Другой пернатый обитатель банановых плантаций выводил мелодию,
состоявшую из двух сладчайших и приятнейших звуков, заканчивая ее третьим -
резким и пугающим. Quod natura relinquit imperfectum... (To, что природа
оставила незавершенным. - лат.) Лишь одна птица здесь издавала безупречно
мелодичные звуки. Когда она пела, казалось, будто вдоль горизонта плывет
колокольчик.
На следующий день с помощью комиссара мы увеличили число наших
носильщиков и получили его военный эскорт из трех стрелков. В таком составе
мы начали путь к вершине Элгон (4400 м). Тропа вилась по относительно сухой
саванне, поросшей зонтичными акациями. Всю землю вокруг покрывали маленькие
круглые холмики в два-три метра высотой, это были старые колонии термитов.
Для путешественников вдоль тропы были построены небольшие кирпичные
домики, круглые, с соломенной крышей. Они были открыты и совершенно пусты.
По ночам у входа подвешивался зажженный фонарь, чтобы отпугнуть незваных
гостей. У нашего повара фонаря не было, зато он поселился один в собственной
маленькой хижине, чем был очень доволен. Но это чуть было не закончилось для
него самым печальным образом. Накануне он заколол перед своей хижиной овцу,
купленную нами за пять угандийских шиллингов, и приготовил на ужин
превосходные отбивные. Когда же после ужина мы уселись у костра и закурили,
до нас донеслись странные звуки, которые, приближаясь, напоминали то
медвежий рев, то собачий лай, то пронзительный крик, то истерический смех. В
первое мгновение мне показалось, что я нахожусь на комическом представлении
у Барнума и Бэйли, но вскоре сцена стала уже не смешной, а угрожающей. Нас
со всех сторон окружали голодные гиены, привлеченные, видимо, запахом
овечьей крови. Это они устроили дьявольский концерт, и в отблесках огня
можно было видеть, как в высокой траве горели их глаза.

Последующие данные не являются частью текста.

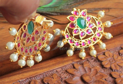 The product includes A pair of Earrings - Length : 4 cm , Width : 4.5 cm Earrings type - Bombay screw .

Гиены, как известно, не нападают на человека, но абсолютной уверенности
в безопасности у нас не было, тем более, что в этот момент раздался страшный
вопль - он доносился со стороны хижин. Мы схватились за оружие
(девятимиллиметровая винтовка Манлихера и охотничье ружье) и сделали
несколько выстрелов по светящимся в траве огонькам, когда вдруг подбежал
перепуганный повар. Выяснилось, что "физи" (гиена) забралась в хижину и чуть
было не загрызла его. Весь лагерь был в панике. Гиены испугались и, шумно
протестуя, удалились. Остаток ночи прошел спокойно и тихо, лишь из хижины,
где жили носильщики, еще долго доносился смех. Утром следующего дня у нас
появился местный вождь с дарами - корзиной яиц и двумя цыплятами. Он
упрашивал нас задержаться еще на день и перестрелять гиен. Оказывается, за
день до нашего происшествия, они напали на спавшего в хижине старика и
растерзали его. De Africa nihil certum! (В Африке ни в чем нельзя быть
уверенным. - лат.)
С рассветом в жилище опять началось веселье - оттуда слышались взрывы
хохота. Похоже, они обыгрывали события минувшей ночи. Один изображал спящего
повара, другой - подползающую к нему гиену. Эту маленькую пьесу они
многократно повторяли, но публика каждый раз была в восторге.
С тех пор повара прозвали Физи. Мы, трое белых, уже получили свои
"trademarks" (прозвища. - англ.). Моего друга, англичанина, называли
Красношеим, как, впрочем, и всех здешних англичан. Американец, который
щеголял в эффектном плаще, был известен как Bwana meredadi (Нарядный
господин). Волосы тогда у меня уже были седыми (мне было пятьдесят), и меня
назвали Mzee - старик, считая столетним. Людей в преклонном возрасте здесь
почти не встретишь, седых я видел очень мало. Mzee - еще и почетный титул, и
он был присужден мне, поскольку я возглавлял "Психологическую экспедицию в
Багишу" - название, которое "lucus a non lucendo" ["Lucus" (роща) от "non
lucendo" (не светит) - пример анекдотичной этимологии; это означает нелепое,
противоположное действительности название.] присвоили этой экспедиции в
министерстве иностранных дел в Лондоне. Мы действительно побывали в Багише,
но гораздо больше времени провели на Элгоне.
Мои негры оказались превосходными знатоками человеческого характера.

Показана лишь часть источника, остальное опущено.